As mentioned in my recent post “How to win better Clients with Choice Architecture”, fee proposal writers have the power to influence the design services that people buy… that influence comes with great responsibility!

Please exercise that responsibility carefully. The aim of this article is to promote LEED Certification and Well/Biophilic design services that provide a better outcome for the building owner and the end user. Please be mindful of your professional codes of conduct when implementing the ‘Decoy Effect’ pricing strategy.

What is the Decoy Effect?

The Decoy Effect (also called the asymmetric dominance effect) refers to the way in which human beings tend to be ‘influenced’ by the presence of an inferior (less dominant) option, when choosing between a range of similar products and/or services.

The less dominant (decoy option) acts like a silent force ‘nudging’ consumers towards an option they may not have otherwise chosen.  

Note: ‘Nudging‘ is a term that was first defined by Nobel Prize winner (2017) Richard Thaler and Cass Sunstein – pioneers of Nudge Theory.

How does the Decoy Effect work?

Example # 1: The Decoy Effect and Newspaper Subscriptions

In his book, Predictably Irrational, the world famous behavioral finance expert and New York Times best-selling author, Dan Ariely described how The Economist applied the Decoy Effect with great results (albeit by mistake).

Anyone who was thinking about subscribing to the Economist was presented with three subscription options:

Option 1 – Digital Subscription Only for $59

Option 2 – Print Subscription Only for $125

Option 3 – Digital and Print Subscription for $125

At first glance it seems strange that option 2 and 3 would be offered at the same price point… so Ariely decided to find out why by testing the pricing strategy on a group of MIT students.

According to the study, when the above three subscription options were offered, 16 percent of participants opted for the most affordable option – Option 1 (Digital Only), nobody opted for Option 2 (Print Only), and an incredible 84 percent opted for the most expensive option – Option 3 (Digital and Print).

LEED Certification and the Decoy Effect
Image by Blue Turtle Consulting

So, if nobody is subscribing to Option 2 (Print Only) why continue to offer it as an option?

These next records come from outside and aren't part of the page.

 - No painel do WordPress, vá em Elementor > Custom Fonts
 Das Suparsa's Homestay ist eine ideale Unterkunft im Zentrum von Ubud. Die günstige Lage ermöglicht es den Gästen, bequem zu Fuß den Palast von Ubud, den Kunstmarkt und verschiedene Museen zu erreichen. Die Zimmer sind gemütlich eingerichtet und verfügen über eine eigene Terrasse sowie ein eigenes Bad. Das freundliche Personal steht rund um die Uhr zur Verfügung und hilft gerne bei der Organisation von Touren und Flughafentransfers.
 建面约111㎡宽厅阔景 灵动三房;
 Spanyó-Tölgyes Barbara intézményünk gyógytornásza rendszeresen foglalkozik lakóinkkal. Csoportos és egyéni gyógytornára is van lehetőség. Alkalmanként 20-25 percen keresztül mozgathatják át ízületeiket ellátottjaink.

Let’s find out.

Ariely repeated the study but this time he removed the unpopular Option 2 (Print Only) leaving just the most affordable and most expensive options – Options 1 and Option 3.

Option 1 – Digital Subscription Only for $59

Option 3 – Digital and Print Subscription for $125

On this occasion he found that the subscription preferences of this group of participants had completely reversed. 

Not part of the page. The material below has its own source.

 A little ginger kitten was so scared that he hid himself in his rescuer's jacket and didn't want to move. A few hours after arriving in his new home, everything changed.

In the absence of Option 2 (Print Only), the number of participants who chose the most affordable option – Option 1 (Digital Only) increased from 16 percent to 68 percent, while the number of participants who chose the most expensive option – Option 3 (Digital and Print) decreased from 84 percent to 32 percent.

LEED Certification and the Decoy Effect
Image by Blue Turtle Consulting

Why the change in preference?

It would appear that Option 2 (Print Only), provided the perfect decoy subscription option – its mere presence encouraged more participants to see the benefits afforded by Option 3 (Digital and Print) thus helping to increase revenue by over 40%.

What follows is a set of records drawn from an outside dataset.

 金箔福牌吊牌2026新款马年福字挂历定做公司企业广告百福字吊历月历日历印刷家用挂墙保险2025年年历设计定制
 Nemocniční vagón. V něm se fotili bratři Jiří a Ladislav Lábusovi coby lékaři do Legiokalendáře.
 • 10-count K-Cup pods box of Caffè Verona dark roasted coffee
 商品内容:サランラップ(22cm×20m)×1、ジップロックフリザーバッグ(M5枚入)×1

This is how the Decoy Effect works – the less dominant option serves as a necessary benchmark to help promote the benefits of the more dominant option.

But what happens if you don’t offer Option 2 and Option 3 at the same price point, but instead offer Option 3 at a slightly higher price point? Let’s look at another study to find out…

(Note: To help you with your fee proposal and negotiation strategy we’ve created a free Starter Kit packed full of useful resources):

Fee Proposal Starter Kit

Example # 2: The Decoy Effect and Popcorn Sales

The National Geographic also decided to test the power of the Decoy Effect (asymmetrical dominance) by conducting a similar experiment, only this time the research included movie-goers and popcorn choices.

In the first round of the experiment participants were offered just two popcorn options:

Option 1: Small Popcorn for $3

Option 2: Large Popcorn for $7

When presented with these two options most participants chose to purchase the small version.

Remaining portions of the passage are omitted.